Below is Day 3 of the fuel cell vehicle rally covered by MSNBC.com's Miguel Llanos and photographer James Cheng.
COSTA MESA, Calif. — Another ride-and-drive was held the next day at the fairgrounds in Costa Mesa, where those in line included novices asking questions like, "So you put water in it?", as well as early adopters like Don White, who said he was from Cedar Rapids, Iowa, and had timed his California vacation so that he could test drive a fuel cell car.
"He's not as excited about this, but his dad is," White said of his 4-year-old son standing next to him.

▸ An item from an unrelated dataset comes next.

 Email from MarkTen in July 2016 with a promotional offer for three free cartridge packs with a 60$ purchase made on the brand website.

White was particularly interested in hydrogen's potential to reduce carbon dioxide, a gas that many scientists tie to global warming. And coming from a corn-growing state, he was well aware that even crop residue could be burned to create the energy needed to extract hydrogen from water.

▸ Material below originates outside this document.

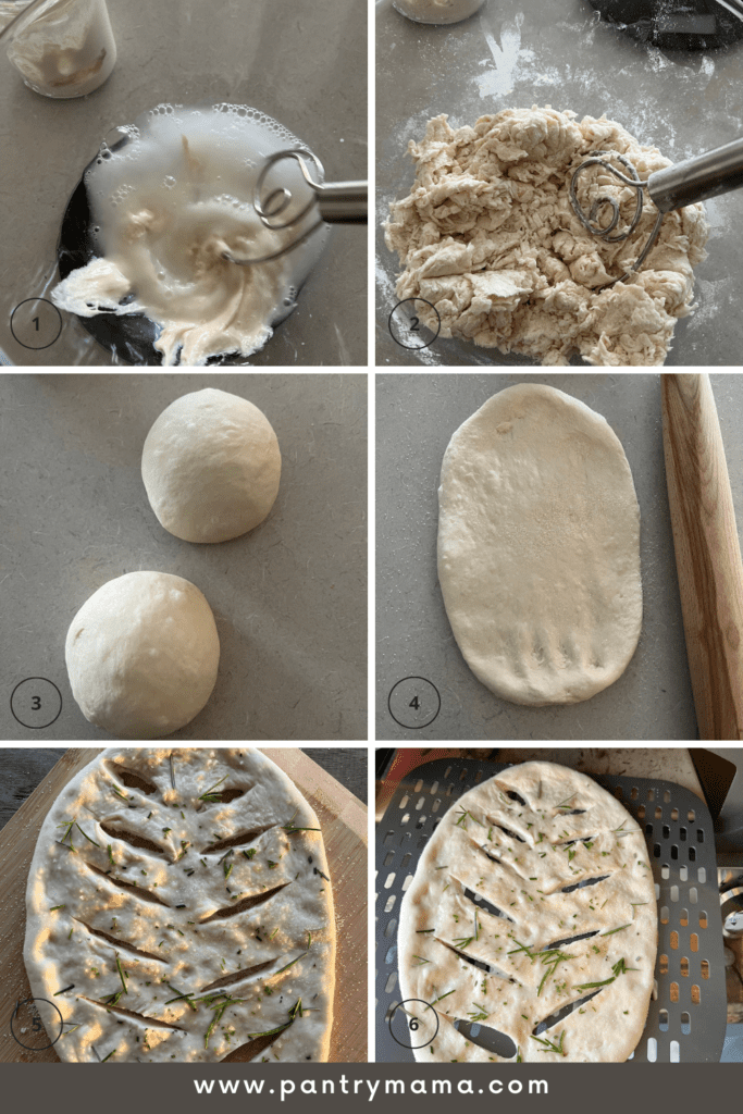 For this schedule, you also need a fed and bubbly starter, but with this timeline you could feed it when you get up and it will be ready to mix with the dough around 11am. This timeline would be perfect if you want to serve your warm sourdough fougasse at a brunch table.

Not all hydrogen is created equal
But Romm, the former Clinton administration hydrogen expert, is quick to caution that not all hydrogen is clean. Unless renewable energy like solar or wind power — still very expensive — is used, other options still mean indirect pollution.
Romm fears that widespread use of fuel cell cars could actually worsen air quality if most hydrogen continues to be extracted from natural gas. For one, the extraction process also releases polluting hydrocarbons from natural gas.
Moreover, since natural gas is used to fire power plants across the country, any significant use for hydrogen would encourage utilities to use more of the much dirtier coal-fired power plants to keep up with power demand, Romm says.
Terry Tamminen, the head of California's EPA, isn't deterred by that thinking, however. He prefers to focus on the fact that, while still expensive, hydrogen can be extracted from a variety of sources — fossil fuels, crop residue and, of course, water — potentially allowing a place like the Midwest, for example, to some day make it from corn if that becomes feasible.
"That's the beauty of hydrogen," he told MSNBC.com. "It can be made from whatever you have locally."
Marine base, but no Marines
Next on the rally tour was Camp Pendleton, the huge Marine base near San Diego.
The rally support teams — some 70 engineers and spokespeople — arrived with their eight vehicles only to find they vastly outnumbered their hosts.
Gary Funk, the regional fleet manager for the Marines, attributed the low turnout to the fact that most of the Marines had been deployed to Iraq. But he welcomed the tour, noting that the base was about to put in a hydrogen station, one of the military's first and the only one on the West Coast.
"We're trying to get our foot in the door," he said, noting that one potential advantage is that hydrogen could be made on the battlefield from water or some other non-petroleum source.
Buckney Wilson, an automotive technician on the base, was one of the handful who drove the cars. He, too, came away impressed, saying he sees the potential to get America beyond oil, especially if oil supplies were suddenly threatened.
"During every emergency situation, we've always come together," he said. "Instead of Rosie the Riveter it'd be Mike the Electrical Engineer."
The mechanic in him loved the fact that fuel cell vehicles, which essentially are electric and have few moving parts, are "repair friendly."
"It benefits everybody," he said of the technology, "it should be a full-force effort."